The Bush Budget

Unlike me, Judd Gregg is a U.S. Senator from the Republican Party, so you can expect him to be relatively sympathetic to George W. Bush's budget request for Fiscal Year 2009, dubbed "Managing for Results". Instead, he says:

"There's a lot of games, smoke, mirrors, incomplete numbers, basically there's not much realism'" in the budget, Senator Judd Gregg, the top Republican on the Budget Committee, said in an interview. "They're playing the usual games."



In Bush's defense, however, it should be said that all he's doing is actually proposing what conservatives are constantly saying should be done -- big increases in "regular" military spending combined with large expenditures on the war in Iraq combined with low taxes all made possible through the magic of reduced spending.
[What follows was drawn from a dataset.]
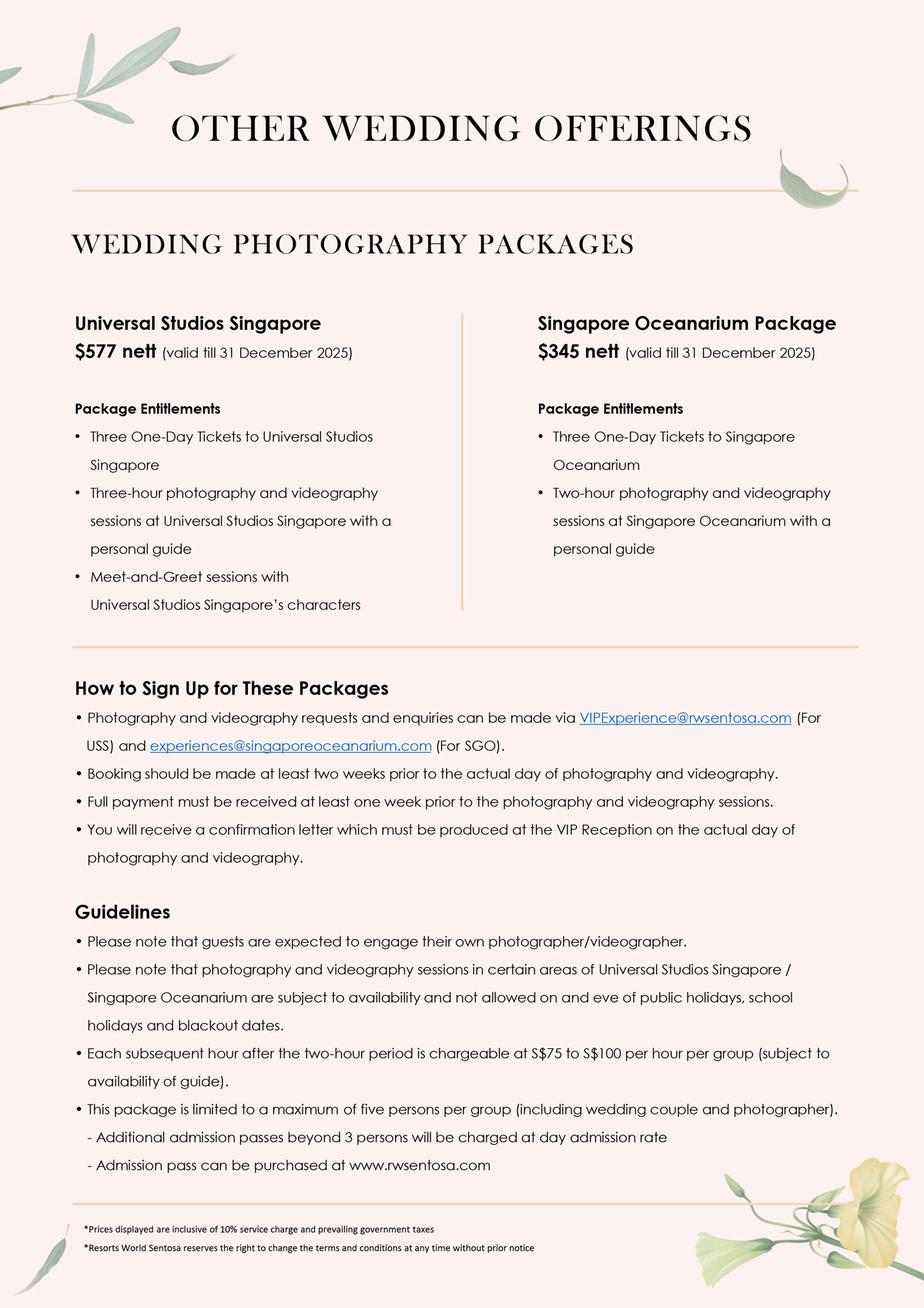 Ocean Gallery Wedding Packages 2025 & 2026

So what did Bush come up with? Well, a proposal to have more Americans get sick and die:

The proposal [. . .] would cut discretionary spending by the Department of Health and Human Services by more than 2 percent in part by freezing the budget of the National Institutes of Health, which heads the government's medical research efforts.

The Centers for Disease Control and Prevention, meanwhile, would take a 6.2 percent reduction. The Health Resources and Services Administration, which helps the poor receive medical care, would be cut by 15.8 percent.



Depriving the population of health care and health care resources in order to make room in the budget for an indefinite military commitment to Iraq and the extension of tax cuts for rich people doesn't seem like a good idea to me, but apparently this is Bush's strategy for long-run economic growth.